TASK BRIEF: Each line in the material below must be transcribed exactly; no picture belongs in the copy.

AVAILABLE DATA:

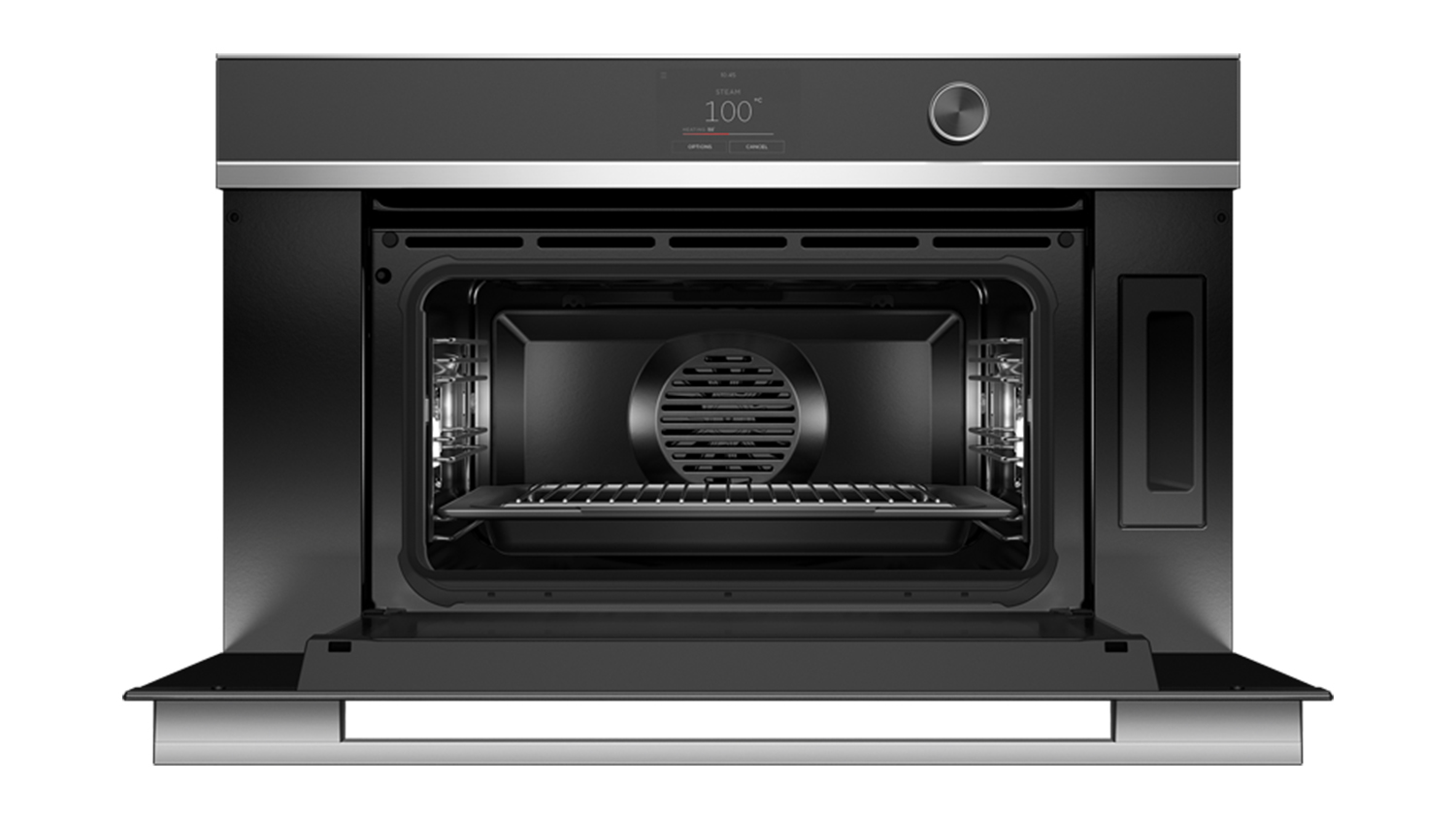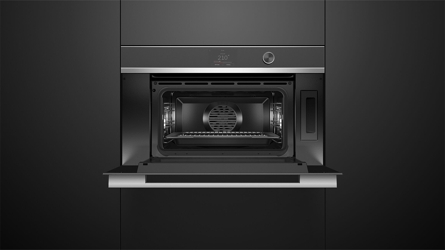 Upgrade your kitchen and discover endless cooking possibilities with the Fisher & Paykel 76cm Built-In Compact Steam Oven! Made to accommodate your different culinary needs, this innovative appliance boasts myriad functions such as Air Fry, Bake, Crisp Regenerate, Fan Forced, Grill, Roast, Slow Cook, Steam, and Warm. It also integrates Steam Clean and a Descale Cycle for breezy maintenance. Plus, this unit flaunts a sophisticated black finish with stainless steel accents so it can beautifully blend into your home.
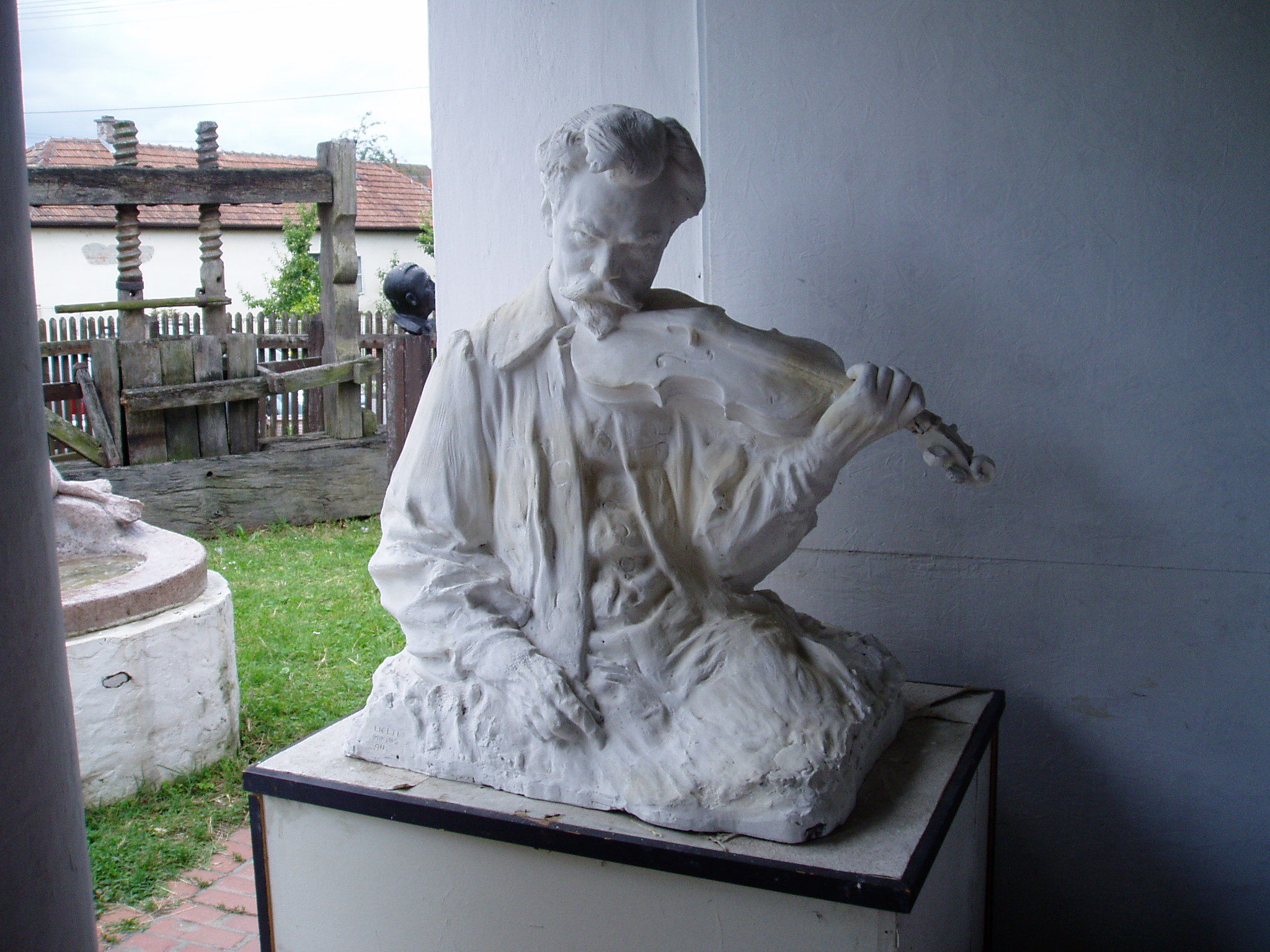 Nyilvános 1613 | 4442 | Balatonlelle, Kossuth utca 35. Kapoli Múzeum | Az 1700-as évek végén épült, szépen rendbe hozott parasztház ad otthont a Kapoli Múzeumnak. A földszinten két állandó kiállítást, a tetőtérben neves kortárs művészek időszaki kiállítását tekintheti meg a közönség. Láthatók idősebb és ifjabb Kapoli Antal somogyi pásztor-faragómesterek, kiváló népművészek munkái és Ligeti Miklós szobrászművész - többek között az Anonymus és Déryné szobrok alkotójának, Rodin tanítványának - művei. A képen: Ligeti Miklós Hubay Jenő hegedűművészről és zeneszerzőről készített portrészobra. A fénykép 2005 júliusában készült. Felh. irod.: Ligeti Gábor: Balatonlelle. Lellei séták. Bp. Tájak, Korok, Múzeumok Kiskönyvtára 559. 1998 |
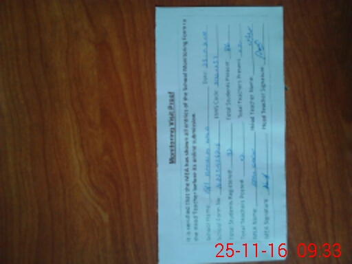 | Attendance Register | Head Teacher | MEA with School | Visit Proof |
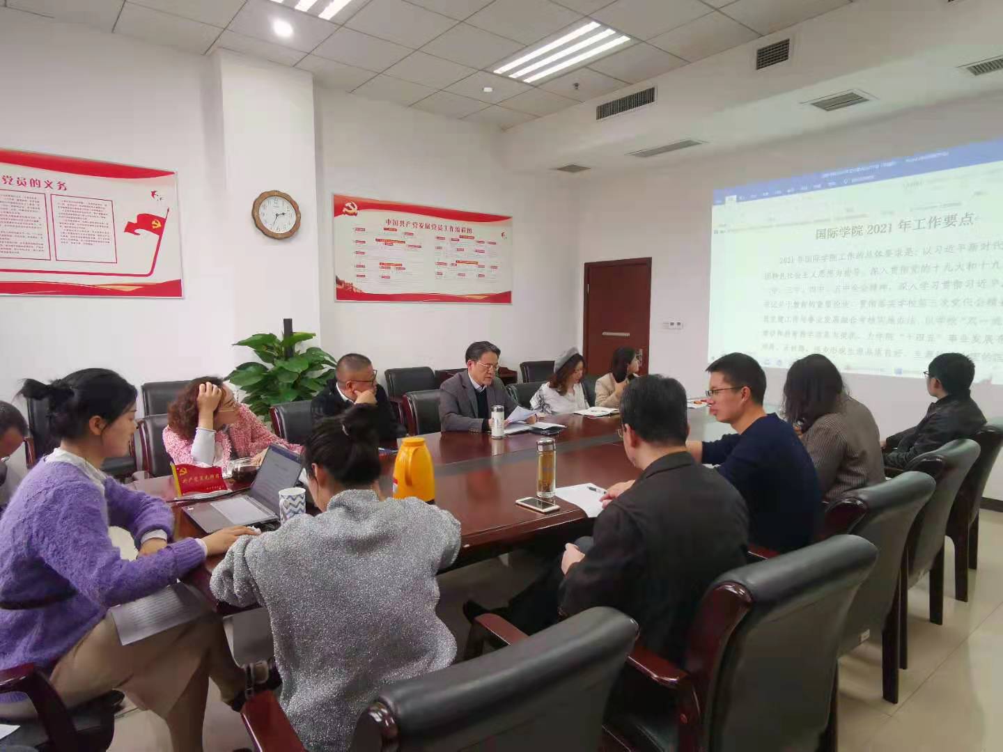 刘承宇经理结合sunbet申搏的定位和十四五任务,传达《sunbet申搏2021年工作要点》,分析加强党对公司工作的全面领导,贯彻落实公司党建工作与事业发展融合考核办法,为来华留学事业的改革发展提供坚强的政治保障和深化来华留学体制机制建设,推进“留学西大”品牌内涵建设,提升汉语国际教育人才培养质量两大工作重心,并着重在教学、科研、学科专业建设、教师队伍建设几方面提出了新的要求。

YOUR SOLUTION:
 Upgrade your kitchen and discover endless cooking possibilities with the Fisher & Paykel 76cm Built-In Compact Steam Oven! Made to accommodate your different culinary needs, this innovative appliance boasts myriad functions such as Air Fry, Bake, Crisp Regenerate, Fan Forced, Grill, Roast, Slow Cook, Steam, and Warm. It also integrates Steam Clean and a Descale Cycle for breezy maintenance. Plus, this unit flaunts a sophisticated black finish with stainless steel accents so it can beautifully blend into your home.
 Nyilvános 1613 | 4442 | Balatonlelle, Kossuth utca 35. Kapoli Múzeum | Az 1700-as évek végén épült, szépen rendbe hozott parasztház ad otthont a Kapoli Múzeumnak. A földszinten két állandó kiállítást, a tetőtérben neves kortárs művészek időszaki kiállítását tekintheti meg a közönség. Láthatók idősebb és ifjabb Kapoli Antal somogyi pásztor-faragómesterek, kiváló népművészek munkái és Ligeti Miklós szobrászművész - többek között az Anonymus és Déryné szobrok alkotójának, Rodin tanítványának - művei. A képen: Ligeti Miklós Hubay Jenő hegedűművészről és zeneszerzőről készített portrészobra. A fénykép 2005 júliusában készült. Felh. irod.: Ligeti Gábor: Balatonlelle. Lellei séták. Bp. Tájak, Korok, Múzeumok Kiskönyvtára 559. 1998 |
 | Attendance Register | Head Teacher | MEA with School | Visit Proof |
 刘承宇经理结合sunbet申搏的定位和十四五任务,传达《sunbet申搏2021年工作要点》,分析加强党对公司工作的全面领导,贯彻落实公司党建工作与事业发展融合考核办法,为来华留学事业的改革发展提供坚强的政治保障和深化来华留学体制机制建设,推进“留学西大”品牌内涵建设,提升汉语国际教育人才培养质量两大工作重心,并着重在教学、科研、学科专业建设、教师队伍建设几方面提出了新的要求。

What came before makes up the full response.